- Born: Elaine Stewart 1956 (age 68–69) Manitoba, Canada
- Occupation(s): School teacher, rodeo contestant
- Years active: 1967–1990

= Elaine Watt (barrel racer) =

Canadian barrel racer

Elaine Watt (born 1957) is a Canadian physical education instructor and barrel racer. She was a three-time Canadian barrel racing champion, in 1978, 1979, and 1982. She was inducted into the Canadian Pro Rodeo Hall of Fame in 2012.

==Early life==
Elaine Stewart was born in 1956 in Manitoba, Canada, to Mavis (née Bowler) and Calvin Stewart. She had four siblings, Alvin, John, Colleen, and Carol. Their father raised horses and all of the children helped with farm chores at their home in Saint Pierre, Manitoba. Both of her sisters competed in rodeo events and Carol would later succeed her sister, Elaine, with the Canadian barrel racing title in 1983. She began riding when she was six years old and training in 1967 when her father took her 4-H group to a horse clinic in Manitoba. She trained with Elaine and Jim Hyde and won a junior title in Minnesota in her first competition, which was later that year.

==Career==
While training at the Hyde's ranch in Alida, Saskatchewan, Stewart met professional calf roper, Neil Watt. In 1972, she began riding in the Canadian Rodeo Cowboys Association during the summer vacation from her job as a physical education teacher in Beausejour, Manitoba. In 1976, after winning the barrel racing event at the Royal Manitoba Winter Fair Light Horse Show, Stewart and Watt married. Watt won the Canadian barrel racing championship in 1978, taking first place with a score of 170 points, placing in all six rounds at the Canadian Finals Rodeo. She repeated as Canadian champion in 1979 and 1982. Though she contemplated competing for the world championship, she would have had to give up teaching to focus on competition.

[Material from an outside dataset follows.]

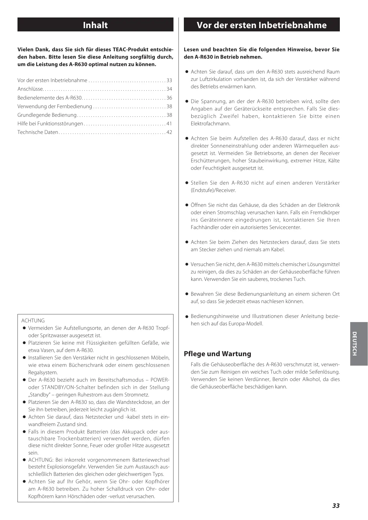 Vor der ersten Inbetriebnahme . . . . . . . . . . . . . . . . . . . . . . . . . . . . . . . . . . 33 Anschlüsse. . . . . . . . . . . . . . . . . . . . . . . . . . . . . . . . . . . . . . . . . . . . . . . . . . . . . . 34 Bedienelemente des A-R630 . . . . . . . . . . . . . . . . . . . . . . . . . . . . . . . . . . . . . 36 Verwendung der Fernbedienung . . . . . . . . . . . . . . . . . . . . . . . . . . . . . . . . 38 Grundlegende Bedienung . . . . . . . . . . . . . . . . . . . . . . . . . . . . . . . . . . . . . . . 38 Hilfe bei Funktionsstörungen . . . . . . . . . . . . . . . . . . . . . . . . . . . . . . . . . . . . 41 Technische Daten . . . . . . . . . . . . . . . . . . . . . . . . . . . . . . . . . . . . . . . . . . . . . . . 42

In the early 1980s, the couple moved from Manitoba to Raymond, Alberta, where Watt continued teaching. In addition to competing in Canada, she and her husband participated in events in the United States, in western states like Colorado, Idaho, Montana, Nebraska, Nevada and Utah. In 1988 and 1989, she served as president of the Canadian Girls Rodeo Association. In 2012, she was inducted into the Canadian Pro Rodeo Hall of Fame.